Die Verlegung in einen anderen Staat setzt nicht voraus, dass die Gesellschaft zuvor ihren Sitz oder den Ort der Geschäftsleitung in Deutschland hatte (Schneider in K/S/M, § 17 EStG Rz F 12, 282. EL; Frotscher/Moritz/Strohm in Frotscher/Geurts, § 17 EStG Rz 355 (April 2021)), s dazu auch das folgende Bsp (s Rn 397).
a) Verlegung des Sitzes
Rn. 397
Stand: EL 167 – ET: 09/2023
Nach § 11 AO befindet sich der Ort als Sitz der Gesellschaft dort, wo er durch das Gesetz, den Gesellschaftsvertrag, die Satzung oder das Stiftungsgeschäft bestimmt ist. Steuerrechtlich bindet sich der Begriff des Sitzes also an das Gesellschaftsrecht.

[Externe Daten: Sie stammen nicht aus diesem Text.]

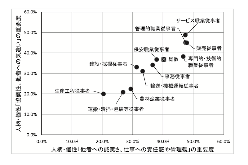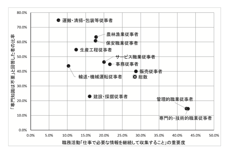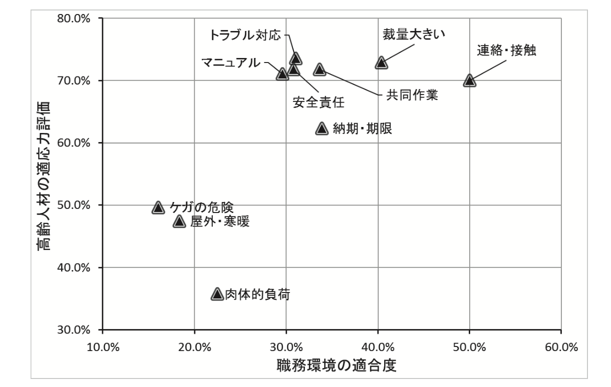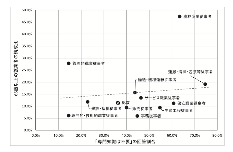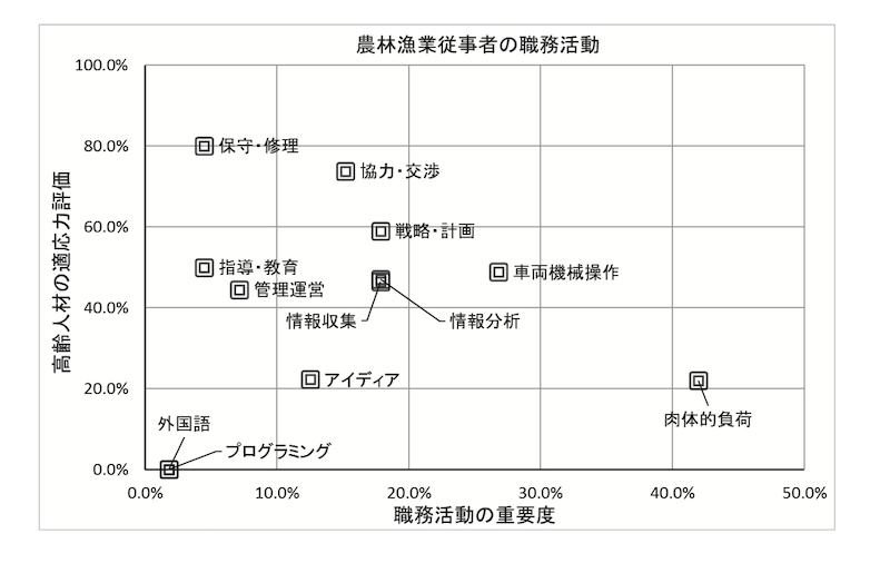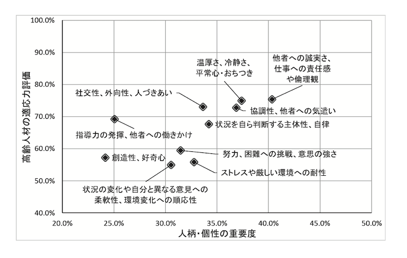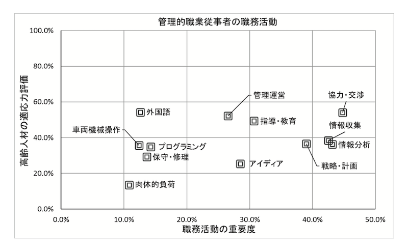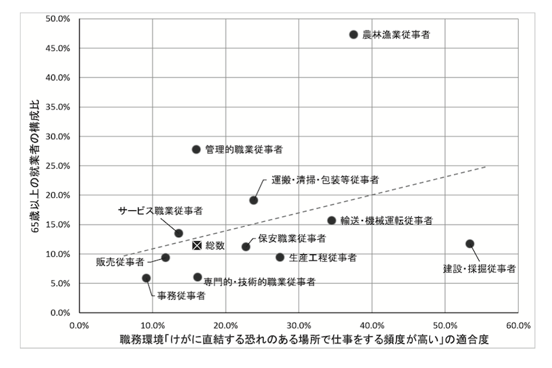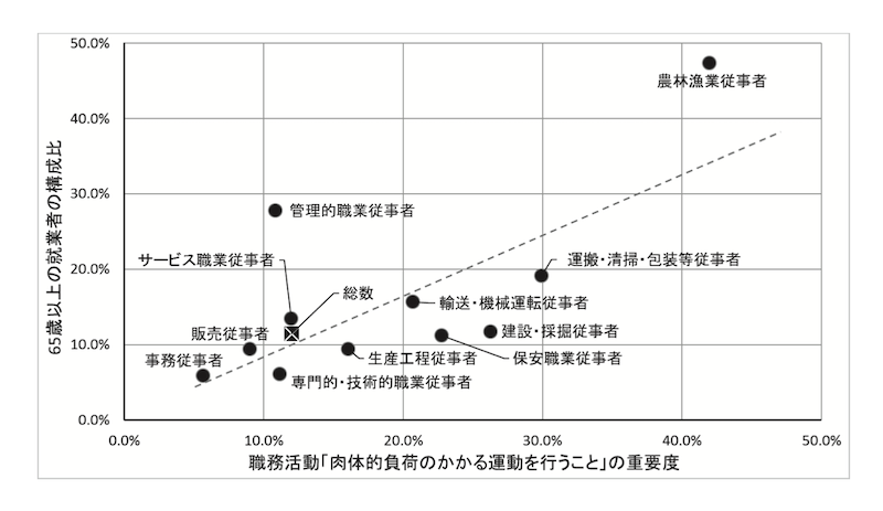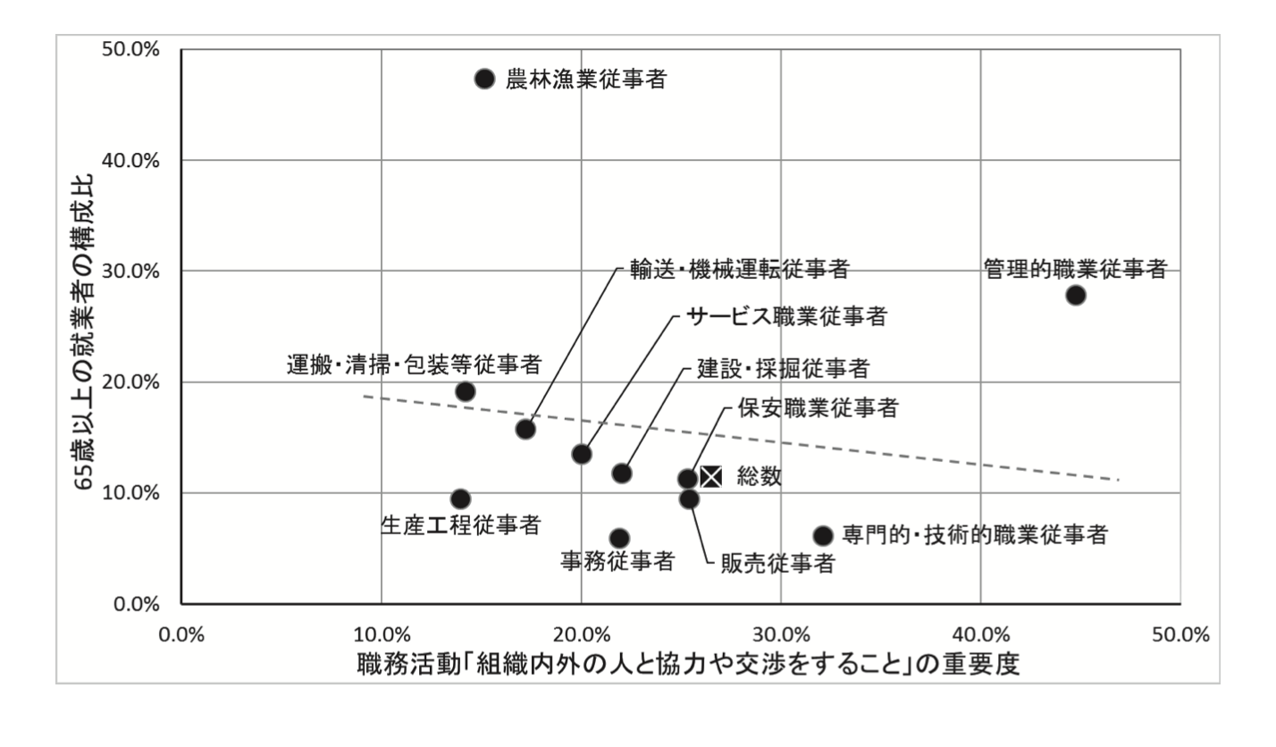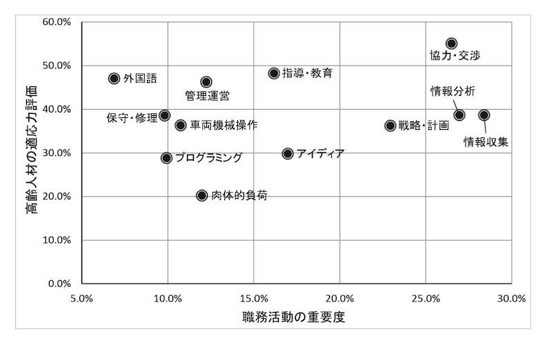 論文NIRAモノグラフシリーズNo.40 2016.08.01 職業特性と高齢者特性現役世代への意識調査から見えてくるもの この記事は分で読めます シェア Tweet 伊藤由希子 東京学芸大学人文社会科学系経済学分野准教授/NIRA総合研究開発機構客員研究員 西山裕也 NIRA総合研究開発機構主任研究員 概要 少子高齢化に伴い生産年齢人口が減少する日本では、高齢者の就業促進が喫緊の課題となっている。しかしながら、現行の高齢者雇用安定施策は、社会福祉的な観点のものが中心であり、高齢者の適性を引き出すためのものにはなっていないのが問題だ。現在の高齢者は身体機能、知的能力の水準が上昇していると言われているが、現実には65歳を境目として就業構造が大きく変化する「壁」に直面している。このような状況を改善するためには、高齢者の特性と仕事に求められる特性の関係を正しく理解することが重要となる。 このような問題意識のもと、NIRAでは、「職業の特性と就業の可能性に対するアンケート調査」を行った。 本モノグラフは、当該アンケート調査の結果を整理するとともに、分析する過程で見えてきた高齢者の特性と仕事に求められる特性の関係に横たわる3つのミスマッチの存在を明らかにする。第1のミスマッチは、職務活動におけるミスマッチである。現在の高齢者の就業は得意よりも不得意な活動に偏っている傾向が見られた。第2のミスマッチは個性・人柄および職務環境におけるミスマッチである。シニアの人格や個性を生かせる場は限られており、高齢者が不得手とする職務環境に当てはまる職業ほど高齢者の就業が多いという実態がある。第3のミスマッチは経験と知識におけるミスマッチである。長年にわたり蓄積された経験や知識はシニアの優位性が発揮できる特性であるが、日本の職業ではこれらを重要視する見方は総じて低調である。これらのミスマッチが解消に向かえば、高齢人材の就業のあり方も変わり、シニアが社会を支えるための原動力となり得る。 PDFで読む INDEX 1. はじめに 2. 65歳の大きな「壁」 3. アンケート調査 4. 調査結果から明らかとなった3つのミスマッチ 5. 結論 1. はじめに 少子高齢化が進み、生産年齢人口が減少傾向に入った日本にとって、高齢者の就業促進は、雇用政策における重要な課題の1つである。2013年に「高年齢者雇用安定法」の改正が行われ、年金受給開始年齢(60~65歳)までの継続雇用が法制化された。しかし、これは年金受給開始までの空白期間の生活を支えるという社会福祉的な観点から実施されてきたものである。ここでいう「社会福祉的」という意味は、生活を維持するための職を確保することが最優先であり、高齢者の適性を引き出し、活力ある社会を実現しようという意図は希薄だということである。しかしながら、今は高齢者の雇用機会を保証するだけではなく、シニア層が自分の能力や経験を最大限に発揮し、それが日本社会に還元されることが求められているのではないだろうか。 一方、高齢者就業を取り巻く現実はどうか。仮に高齢者層が継続雇用制度に頼らず、いったんこれまで働いていた企業を離れて職を得ようとしたとき、その就業機会は限られている。多くのシニアは、個人の有する縁故以外には、地域のシルバー人材センターやハローワークでの募集に頼るしかないのが現状だ。昨今利用が拡大している転職サイトは、若者向けサービスが大多数を占めており、高齢者への募集は極めて少なく、高齢人材マッチングのプラットフォームは整っていない。現実に高齢者に提供される雇用環境は極めて限定的で、シニアが生きがいをもって働く環境が整っているとは考えにくい。 2. 65歳の大きな「壁」 ここで、高齢者の就業の現状について大まかに把握しておきたい。総務省「労働力調査」(2015年度)によると、年齢階級別の就業率は、65歳を境に大きく低下する。60歳から64歳と、65歳から69歳の就業者比率は、男性で75.5%から52.2%に、女性で49.4%から31.6%に大きく下がる。男女とも、それまで働いていた人の約3人に1人が労働市場から退出し、就業者比率が最も大きく変化する。 また、65歳を境に職業構成も大きく変化する。図表1に示すように、「生産工程従事者」、「事務従事者」、「専門的・技術的職業従事者」の比率が減少し、「運搬・清掃・包装従事者」、「農林漁業従事者」の比率が増加する。前者の3職業では、一定の職務経験・知識などを得た高齢人材が活躍できる場は、就業者数で見ても比率で見ても減少していることが分かる。 図表1 年齢階級別就業者の職業構成比(職業大分類) (データ出所)2012年度総務省「就業構造基本調査」 昨年(2015年)6月、日本老年学会は声明を発表し、近年、高齢者の身体機能、知的能力の水準が上昇しており、現在の高齢者(65~79歳)は10~20年前に比べて5~10歳は若返っていると表明した(注1)。この声明は、科学的な研究を踏まえてのものであり、個人差はあるものの、現在の高齢者には十分社会活動を営む能力があ

Hierbei muss zwischen statutarischem Sitz (Ort laut Satzung) und Verwaltungssitz (Ort der Hauptgeschäftsleitung) differenziert werden (Rosner, NWB 2016, 2726). Sofern im Gesellschaftsvertrag ein inländischer Ort als Sitz bestimmt ist, reicht dies für eine unbeschränkte StPfl aus, auch wenn davon abgesehen keine weiteren Beziehungen zum Inland unterhalten werden.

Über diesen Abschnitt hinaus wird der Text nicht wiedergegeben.